Klaus-Peter Schöppner ist Geschäftsführer des Instituts für Meinungsforschung Emnid

Hamburger Abendblatt:

1. Mit 95 Prozent wurde Philipp Rösler zum neuen Parteichef gewählt. Ist die FDP nun eine neue Partei?

Klaus-Peter Schöppner:

Nein, wir sehen keine neue Partei. Aber eine FDP, die vor einem Neustart steht. Der ehemalige Parteichef Guido Westerwelle hatte in seinem Auftreten den Bogen deutlich überspannt. Er wirkte arrogant, er hatte kaum Empathie. Mit Rösler bringt sich die FDP mit einem neuen Politikstil zurück ins Rennen.

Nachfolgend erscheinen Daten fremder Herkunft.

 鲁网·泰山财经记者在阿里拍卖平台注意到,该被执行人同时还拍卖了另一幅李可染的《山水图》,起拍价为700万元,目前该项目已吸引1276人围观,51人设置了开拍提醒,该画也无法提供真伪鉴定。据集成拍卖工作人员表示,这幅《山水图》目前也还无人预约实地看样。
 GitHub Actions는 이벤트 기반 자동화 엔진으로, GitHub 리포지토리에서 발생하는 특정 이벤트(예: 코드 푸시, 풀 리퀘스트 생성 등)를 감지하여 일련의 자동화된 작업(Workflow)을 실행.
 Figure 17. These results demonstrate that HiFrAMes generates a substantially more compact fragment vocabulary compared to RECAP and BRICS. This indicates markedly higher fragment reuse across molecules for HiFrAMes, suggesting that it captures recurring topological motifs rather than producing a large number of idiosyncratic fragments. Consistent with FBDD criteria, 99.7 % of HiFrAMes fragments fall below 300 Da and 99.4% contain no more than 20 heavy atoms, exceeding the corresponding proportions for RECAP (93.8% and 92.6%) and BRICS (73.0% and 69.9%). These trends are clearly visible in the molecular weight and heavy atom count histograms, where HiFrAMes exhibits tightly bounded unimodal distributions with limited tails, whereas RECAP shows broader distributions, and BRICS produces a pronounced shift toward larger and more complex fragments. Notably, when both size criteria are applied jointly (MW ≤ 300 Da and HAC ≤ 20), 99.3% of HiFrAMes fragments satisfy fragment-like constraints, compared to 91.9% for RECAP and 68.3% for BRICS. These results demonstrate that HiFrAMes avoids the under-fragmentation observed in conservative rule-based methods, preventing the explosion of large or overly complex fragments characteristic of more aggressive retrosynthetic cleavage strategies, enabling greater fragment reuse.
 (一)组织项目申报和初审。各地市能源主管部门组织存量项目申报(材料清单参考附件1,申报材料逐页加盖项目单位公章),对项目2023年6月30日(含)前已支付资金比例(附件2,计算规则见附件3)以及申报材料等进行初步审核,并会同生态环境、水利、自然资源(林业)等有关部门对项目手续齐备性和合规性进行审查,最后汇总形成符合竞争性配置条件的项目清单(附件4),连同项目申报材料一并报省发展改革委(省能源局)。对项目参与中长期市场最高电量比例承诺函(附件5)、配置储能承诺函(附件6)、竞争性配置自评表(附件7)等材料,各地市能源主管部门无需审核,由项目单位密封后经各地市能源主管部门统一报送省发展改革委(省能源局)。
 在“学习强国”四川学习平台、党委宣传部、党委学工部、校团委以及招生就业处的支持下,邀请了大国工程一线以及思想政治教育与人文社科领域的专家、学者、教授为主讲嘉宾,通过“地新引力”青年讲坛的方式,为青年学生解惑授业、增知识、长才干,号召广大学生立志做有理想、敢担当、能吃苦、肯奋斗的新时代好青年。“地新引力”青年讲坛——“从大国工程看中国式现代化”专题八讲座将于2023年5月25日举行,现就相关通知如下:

2. Röslers Familie war mit auf dem Parteitag. Nach seiner Wahl schlenderte er mit einer seiner Töchter durch die Tagungshalle. Wie authentisch ist der Stil von Rösler?

Schöppner:

Sehr. Entscheidend ist aber, ob es auch die neue FDP ist. Die Wähler wollen nicht mehr eine rein interessengesteuerte Partei, zum Beispiel eine CDU, die nur auf der Seite der Unternehmer steht. Sie wollen auch keine SPD, die nur die Arbeiter vertritt. Rösler kann die FDP zu einer Bürgerlobby-Partei führen. Dabei ist seine Glaubwürdigkeit - und die Nähe der Partei zum Bürger - enorm wichtig für den Wähler.

3. Wie viel Westerwelle steckt noch in der liberalen Partei nach dem Machtwechsel in der Spitze?

Schöppner:

In Philipp Rösler steckt noch eine ganze Menge von Guido Westerwelle: Nicht nur die Liberalität, sondern auch die Haltung, vom Bürger auch Pflichten einzufordern. Doch die Idee einer Partei der Bürger hat sich seit der Finanzkrise durchgesetzt. Die Gesellschaft glaubt nicht mehr an den ewigen Wohlstand. Globalisierung und Wirtschaftskrise haben zu einem Paradigmenwechsel geführt. Der Ruf nach einem starken Staat ist groß - und der Spielraum der FDP entsprechend klein. Dennoch können sie mit dem Vorsitzenden Rösler wieder zehn Prozent bei den Wahlen erreichen.

4. Rösler hat in Rostock die Themen Bildung und Familie hervorgehoben. Wie stark geht es der FDP noch Steuersenkungen?

Schöppner:

Es ist ein Paradoxon, dass Tage nach der Steuerschätzung und einem Plus von 135 Milliarden im Fiskus dieses Thema auf dem FDP-Parteitag kaum Platz findet. Langfristig schadet es der Partei, wenn sie sich von Westerwelles Motto "Mehr Netto vom Brutto" trennt.

5. Was bedeutet der Machtwechsel in der FDP für die schwarz-gelbe Koalition der Kanzlerin?

Schöppner:

Für die CDU und Kanzlerin Merkel ist die neue FDP eine knifflige Herausforderung. Wenn die Liberalen sich wieder als ernst zu nehmende Partei der Bürgerrechte und der Unternehmer etablieren, muss die Union ihr Profil an dieser Stelle schärfen. Gleichzeitig darf sie die grünen CDU-Wähler nicht mit einem wirtschaftsliberalen Kurs verprellen. Je stärker die FDP wird, desto mehr treibt sie die CDU in diesen Zwei-Fronten-Wahlkampf.